### Data section
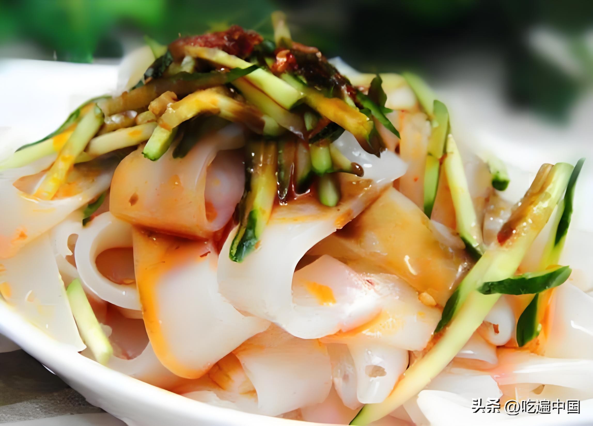 凉皮是一种源自陕西的传统美食,属于擀面皮、面皮、米皮、酿皮的统称。凉皮以其独特的制作工艺和丰富的口味而闻名,是中国北方地区广受欢迎的天然绿色无公害食品。
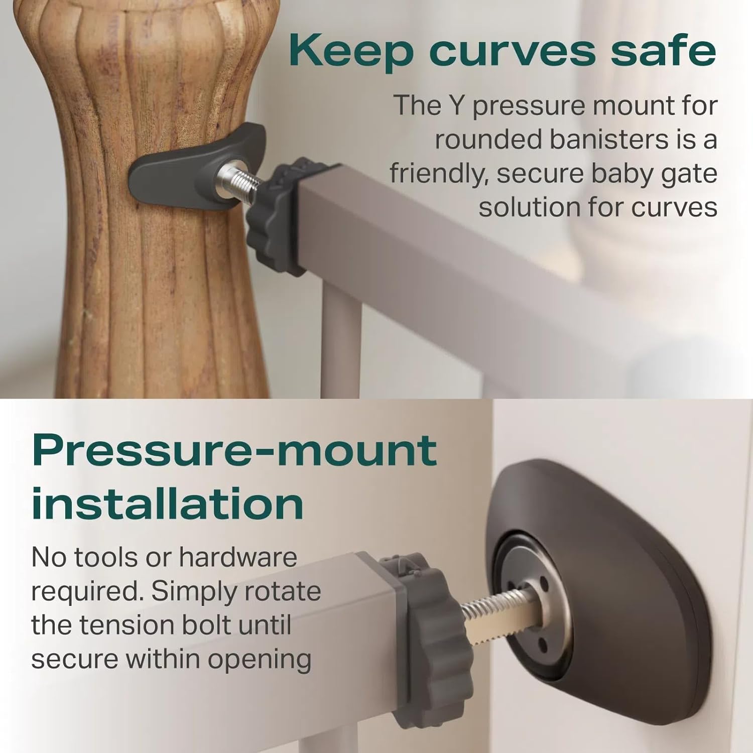 - Two Installation Options: Choose pressure-mounted installation for quick setup with no wall damage—strong enough to withstand up to 150 lbs of force. For stairs or high-impact areas, opt for hardware mounting, which holds over 210 lbs for added security.
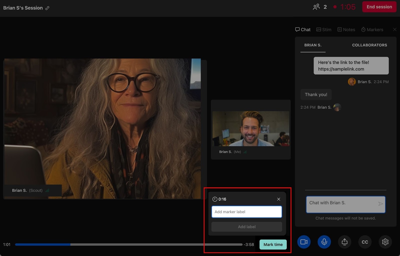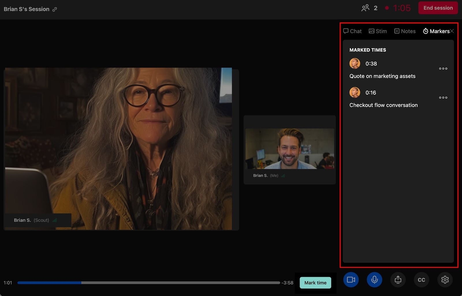 Note: Session moderators and observers can create markers. When viewing markers, you’ll be able to see who created them.
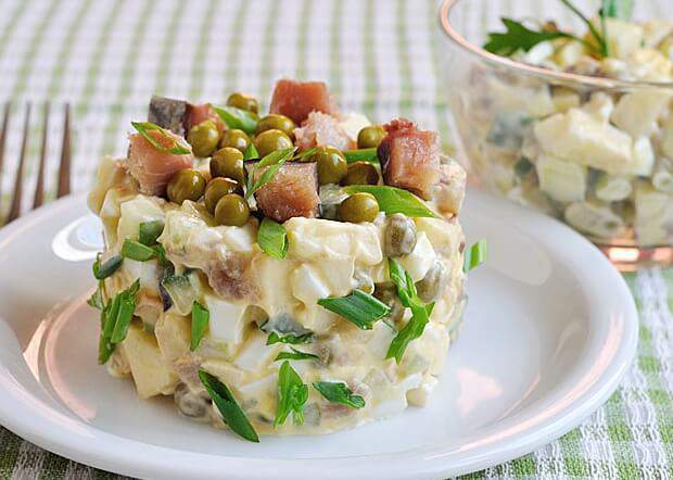 Майонез для салата подберите жирный, не ниже 50%. А еще лучше, если для этого случая приготовите хороший домашний майонез.

### What is required
Your answer must reproduce exactly the lines from the line with "Note: Session moderators" through the end of the material, both ends included, with every picture dropped.

### Task output
 Note: Session moderators and observers can create markers. When viewing markers, you’ll be able to see who created them.
 Майонез для салата подберите жирный, не ниже 50%. А еще лучше, если для этого случая приготовите хороший домашний майонез.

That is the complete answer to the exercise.